Son muchas las cosas extraordinarias de este caso. Pero la mayor es que el mismo Departamento de Defensa que se ha labrado tan triste fama en Guantánamo es el que nombró en diciembre de 2003 al teniente Charles Swift como defensor de oficio de Hamdan. Este oficial jurídico de la Marina norteamericana ha demostrado una competencia profesional y un empeño cívico encomiables, hasta elevar el caso hasta la más alta y prestigiosa instancia jurídica del país, el Tribunal Supremo, y ganarlo. Las condiciones de la detención y del proceso que se le abrió a Hamdan no pueden ser más lamentables y discutibles desde el punto de vista de los derechos humanos y de las garantías jurídicas, pero al final de las cuentas el Pentágono aseguró algo tan fundamental y que se ha revelado tan eficaz como el derecho a la defensa.
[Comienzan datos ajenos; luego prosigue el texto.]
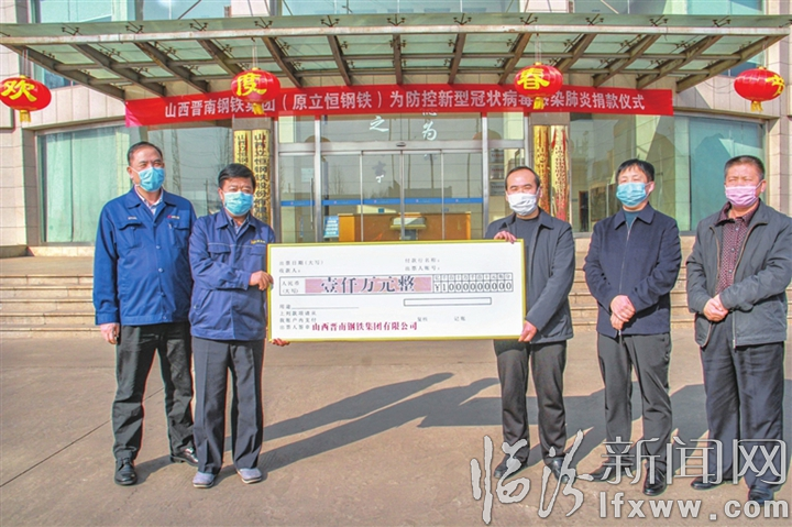 临汾新闻网讯 在全国上下防控新型冠状病毒感染的肺炎疫情的关键时刻,2月4日下午,山西晋南钢铁集团对接曲沃县工商联,为疫情防控捐款1108万元(员工捐款108万元),全力支援武汉抗击疫情,以实际行动彰显企业的大爱与担当。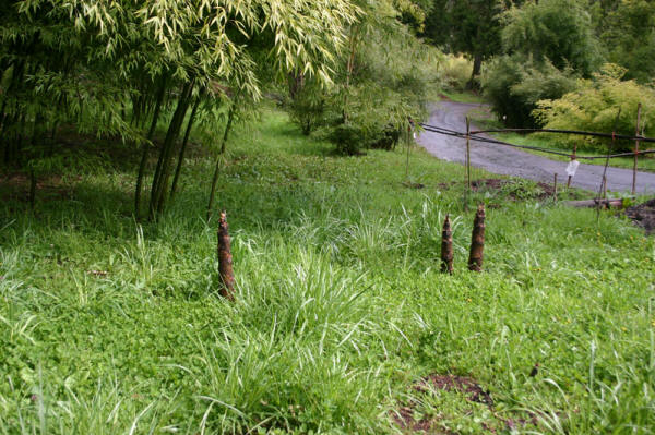 After nearly a month of rainy weather, the shoots have only grown about 12 inches, but the are impressive diameter. This is about the last chance to harvest edible shoots before they get too large and fibrous.

Pero no es lo único extraordinario. La distribución de votos, cinco a favor y tres en contra, es también muy significativa, en un cóctel en el que se mezclan azar y necesidad. El nuevo presidente del Supremo nombrado por Bush, el juez Roberts, se vio obligado a excluirse de la votación, pues estaba contaminado por su participación en un tribunal que rechazó un recurso a Hamdan. El voto decisivo fue el del juez Kennedy, nombrado por Ronald Reagan, que en este caso decantó la votación en favor de Hamdan. Según el ponente de la sentencia, el juez Stevens, nombrado por Bush padre, la decisión de Bush hijo de crear las comisiones militares de Guantánamo viola la Constitución americana, el Código de Justicia Militar y la ley internacional, y en concreto los convenios de Ginebra sobre prisioneros de guerra.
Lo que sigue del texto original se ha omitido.